FRANKFURT (Reuters) - German drugmaker Bayer <BAYG.DE> plans to file this year for market approval for Nexavar to treat liver cancer after a study showed the drug significantly prolongs life for patients in the advanced stages of the disease.

The German firm and its U.S. partner Onyx Pharmaceuticals <ONXC.PK> said on Monday the study had been stopped after a review by an independent data monitoring committee showed the pivotal Phase III trial had met its primary aims.

Bayer and Onyx said all patients enrolled in the trial would now have access to Nexavar.

Both companies want to file for market approval this year for Nexavar's use in treating liver cancer in the United States and Europe, where it is already approved for the treatment of advanced kidney cancer.

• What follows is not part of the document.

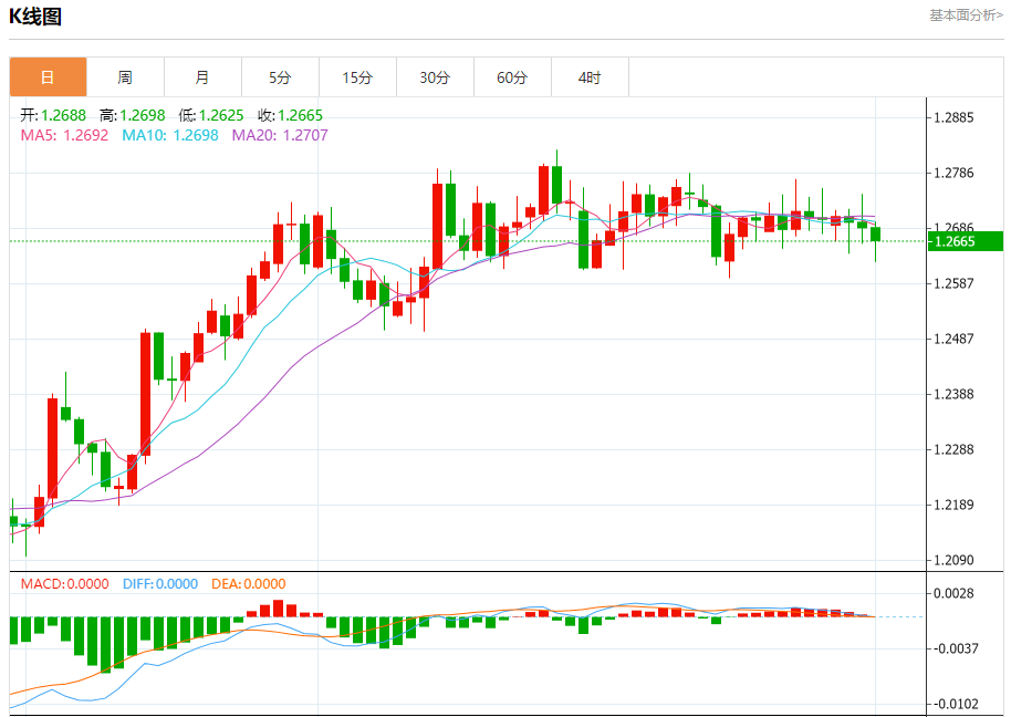英镑/美元:截止北京时间21:21,英镑/美元下跌,现报1.2666,跌幅0.14%。纽市盘前,GBPUSD对再次测试关键支撑位1.2645,并对其施加负面压力,这促使人们在即将到来的交易中保持谨慎,因为价格需要保持在这一水平以上,以保持看涨趋势在即将到来的时期内有效,这受到随机当前积极性的支持,其下一个目标位于1.2825。

Analysts were optimistic the drug would gain the extended approval.

"We are quite confident that Nexavar will be approved for the treatment of primary liver cancer based on the positive statements from the independent data monitoring committee," said Merck Finck analyst Carsten Kunold.

Bayer shares were down 0.5 percent at 44.37 euros by 0923 GMT, outperforming the German DAX index <.GDAXI>, which was down 0.8 percent.

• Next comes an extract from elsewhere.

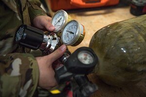 A vehicle burns during a firefighting training exercise August 10, 2021, at Al Udeid Air Base, Qatar. The 379th Expeditionary Civil Engineer Squadron Fire Emergency Services worked with the 379th ECES Explosive Ordnance Disposal team to conduct realistic fire training scenarios. (U.S. Air Force

Liver cancer is the fifth most common cancer in the world and is often seen as difficult to treat.

Bayer has said it expects peak sales of about 500 million euros ($649.6 million) from Nexavar in the treatment of kidney, liver and skin cancer. If approved for other cancers such as lung cancer, the firm has said the drug could generate sales of around 1 billion euros.

In the third quarter of 2006, Bayer saw Nexavar sales of 37 million euros and for the full year the firm expects more than 100 million euros in revenue from the drug.